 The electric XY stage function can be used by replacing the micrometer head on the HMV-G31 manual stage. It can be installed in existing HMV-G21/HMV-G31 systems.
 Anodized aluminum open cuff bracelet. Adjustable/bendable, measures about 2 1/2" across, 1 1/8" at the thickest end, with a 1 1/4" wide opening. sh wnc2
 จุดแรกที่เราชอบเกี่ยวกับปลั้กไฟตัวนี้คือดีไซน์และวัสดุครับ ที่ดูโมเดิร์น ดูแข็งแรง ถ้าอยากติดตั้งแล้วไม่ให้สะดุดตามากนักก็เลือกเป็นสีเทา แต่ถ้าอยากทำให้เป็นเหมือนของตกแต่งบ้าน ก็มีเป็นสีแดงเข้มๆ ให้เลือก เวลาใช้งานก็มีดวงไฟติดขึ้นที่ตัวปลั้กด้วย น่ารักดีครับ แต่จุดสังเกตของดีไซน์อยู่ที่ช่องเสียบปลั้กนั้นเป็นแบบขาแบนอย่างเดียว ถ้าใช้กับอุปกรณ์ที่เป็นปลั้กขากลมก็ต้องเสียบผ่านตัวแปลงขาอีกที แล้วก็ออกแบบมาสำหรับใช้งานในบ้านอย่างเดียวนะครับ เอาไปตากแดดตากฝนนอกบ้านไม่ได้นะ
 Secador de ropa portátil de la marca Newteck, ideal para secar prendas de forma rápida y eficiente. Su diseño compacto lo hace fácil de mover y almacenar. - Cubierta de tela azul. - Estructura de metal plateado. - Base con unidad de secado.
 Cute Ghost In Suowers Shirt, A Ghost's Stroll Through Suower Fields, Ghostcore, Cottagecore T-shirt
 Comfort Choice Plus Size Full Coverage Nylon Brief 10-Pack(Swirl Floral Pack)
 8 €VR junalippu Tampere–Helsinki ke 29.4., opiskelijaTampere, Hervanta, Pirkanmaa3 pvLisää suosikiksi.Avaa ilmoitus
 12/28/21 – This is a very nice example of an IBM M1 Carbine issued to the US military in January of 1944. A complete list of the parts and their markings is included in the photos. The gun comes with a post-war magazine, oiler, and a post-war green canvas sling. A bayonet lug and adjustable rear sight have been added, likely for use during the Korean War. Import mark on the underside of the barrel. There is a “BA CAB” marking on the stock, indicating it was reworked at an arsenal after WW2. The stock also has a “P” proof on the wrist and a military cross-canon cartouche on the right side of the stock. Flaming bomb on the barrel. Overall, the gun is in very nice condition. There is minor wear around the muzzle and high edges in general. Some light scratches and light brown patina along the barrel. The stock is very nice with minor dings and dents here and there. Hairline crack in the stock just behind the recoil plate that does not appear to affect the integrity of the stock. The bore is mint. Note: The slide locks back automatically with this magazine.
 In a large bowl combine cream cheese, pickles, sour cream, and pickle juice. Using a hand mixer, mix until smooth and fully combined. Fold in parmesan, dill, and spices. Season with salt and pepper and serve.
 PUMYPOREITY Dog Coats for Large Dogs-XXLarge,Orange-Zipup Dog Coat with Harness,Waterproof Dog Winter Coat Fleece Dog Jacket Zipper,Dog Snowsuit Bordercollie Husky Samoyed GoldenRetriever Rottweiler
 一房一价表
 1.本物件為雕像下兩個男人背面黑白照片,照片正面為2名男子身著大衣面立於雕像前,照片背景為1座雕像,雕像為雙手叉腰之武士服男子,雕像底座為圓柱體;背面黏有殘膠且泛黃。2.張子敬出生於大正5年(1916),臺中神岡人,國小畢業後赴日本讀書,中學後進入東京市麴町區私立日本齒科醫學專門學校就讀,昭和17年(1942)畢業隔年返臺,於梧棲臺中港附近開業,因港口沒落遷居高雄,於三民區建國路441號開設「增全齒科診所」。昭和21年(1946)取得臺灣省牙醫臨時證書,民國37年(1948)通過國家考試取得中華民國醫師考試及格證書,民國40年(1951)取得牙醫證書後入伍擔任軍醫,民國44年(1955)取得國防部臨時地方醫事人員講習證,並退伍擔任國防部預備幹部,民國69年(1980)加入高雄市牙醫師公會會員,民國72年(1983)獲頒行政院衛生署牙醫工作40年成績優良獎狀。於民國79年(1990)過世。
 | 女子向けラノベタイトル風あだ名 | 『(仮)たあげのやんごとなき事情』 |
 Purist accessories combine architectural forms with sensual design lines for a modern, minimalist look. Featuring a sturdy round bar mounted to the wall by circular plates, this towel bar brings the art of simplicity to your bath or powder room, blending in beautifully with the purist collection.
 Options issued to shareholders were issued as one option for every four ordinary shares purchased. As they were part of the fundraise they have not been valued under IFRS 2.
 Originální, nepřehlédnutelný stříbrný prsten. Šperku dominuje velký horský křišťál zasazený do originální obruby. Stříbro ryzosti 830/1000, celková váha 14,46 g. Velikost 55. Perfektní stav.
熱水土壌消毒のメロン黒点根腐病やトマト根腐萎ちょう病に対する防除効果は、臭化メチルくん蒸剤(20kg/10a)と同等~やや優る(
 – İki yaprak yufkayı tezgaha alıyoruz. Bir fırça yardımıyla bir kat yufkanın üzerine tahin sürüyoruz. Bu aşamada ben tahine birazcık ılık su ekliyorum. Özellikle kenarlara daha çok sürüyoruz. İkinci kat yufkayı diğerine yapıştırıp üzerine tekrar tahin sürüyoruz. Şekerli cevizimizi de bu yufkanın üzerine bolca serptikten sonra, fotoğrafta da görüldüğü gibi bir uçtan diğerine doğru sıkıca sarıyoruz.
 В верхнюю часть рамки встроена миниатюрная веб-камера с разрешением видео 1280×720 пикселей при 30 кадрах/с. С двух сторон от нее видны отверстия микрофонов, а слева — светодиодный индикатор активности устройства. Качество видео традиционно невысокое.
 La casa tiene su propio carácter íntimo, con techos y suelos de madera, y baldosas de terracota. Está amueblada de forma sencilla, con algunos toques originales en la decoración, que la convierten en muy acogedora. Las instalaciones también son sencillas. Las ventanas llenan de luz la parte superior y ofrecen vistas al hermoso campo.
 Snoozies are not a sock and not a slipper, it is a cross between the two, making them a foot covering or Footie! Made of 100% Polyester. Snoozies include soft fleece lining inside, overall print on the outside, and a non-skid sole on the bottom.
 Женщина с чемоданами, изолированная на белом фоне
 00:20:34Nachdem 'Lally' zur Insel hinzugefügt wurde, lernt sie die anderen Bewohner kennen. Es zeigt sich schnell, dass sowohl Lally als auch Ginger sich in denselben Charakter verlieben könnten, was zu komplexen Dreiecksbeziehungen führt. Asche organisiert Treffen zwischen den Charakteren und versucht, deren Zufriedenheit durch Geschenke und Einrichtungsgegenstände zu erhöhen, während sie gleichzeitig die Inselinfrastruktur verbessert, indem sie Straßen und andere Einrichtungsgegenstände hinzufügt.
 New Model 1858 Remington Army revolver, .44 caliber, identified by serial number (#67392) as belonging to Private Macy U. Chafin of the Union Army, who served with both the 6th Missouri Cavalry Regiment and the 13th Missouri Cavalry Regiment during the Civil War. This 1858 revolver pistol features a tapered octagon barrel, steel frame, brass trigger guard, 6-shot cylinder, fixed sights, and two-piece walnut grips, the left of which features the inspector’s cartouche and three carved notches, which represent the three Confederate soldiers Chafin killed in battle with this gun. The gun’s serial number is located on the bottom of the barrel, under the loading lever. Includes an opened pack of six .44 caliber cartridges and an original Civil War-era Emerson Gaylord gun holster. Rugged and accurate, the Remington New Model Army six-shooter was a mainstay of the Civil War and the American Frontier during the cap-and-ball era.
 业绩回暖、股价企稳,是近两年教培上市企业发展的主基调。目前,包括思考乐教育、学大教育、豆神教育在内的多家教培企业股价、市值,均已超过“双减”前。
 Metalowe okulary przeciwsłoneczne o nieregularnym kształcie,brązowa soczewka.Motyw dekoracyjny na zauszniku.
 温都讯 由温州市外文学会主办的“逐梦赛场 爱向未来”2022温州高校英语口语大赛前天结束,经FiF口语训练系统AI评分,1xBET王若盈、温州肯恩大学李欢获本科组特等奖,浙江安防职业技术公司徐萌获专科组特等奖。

What you will do: Starting at the line that holds "Metalowe okulary przeciwsłoneczne", set down each line exactly through the last line of the records above, and no others.

Answer box:
 Metalowe okulary przeciwsłoneczne o nieregularnym kształcie,brązowa soczewka.Motyw dekoracyjny na zauszniku.
 温都讯 由温州市外文学会主办的“逐梦赛场 爱向未来”2022温州高校英语口语大赛前天结束,经FiF口语训练系统AI评分,1xBET王若盈、温州肯恩大学李欢获本科组特等奖,浙江安防职业技术公司徐萌获专科组特等奖。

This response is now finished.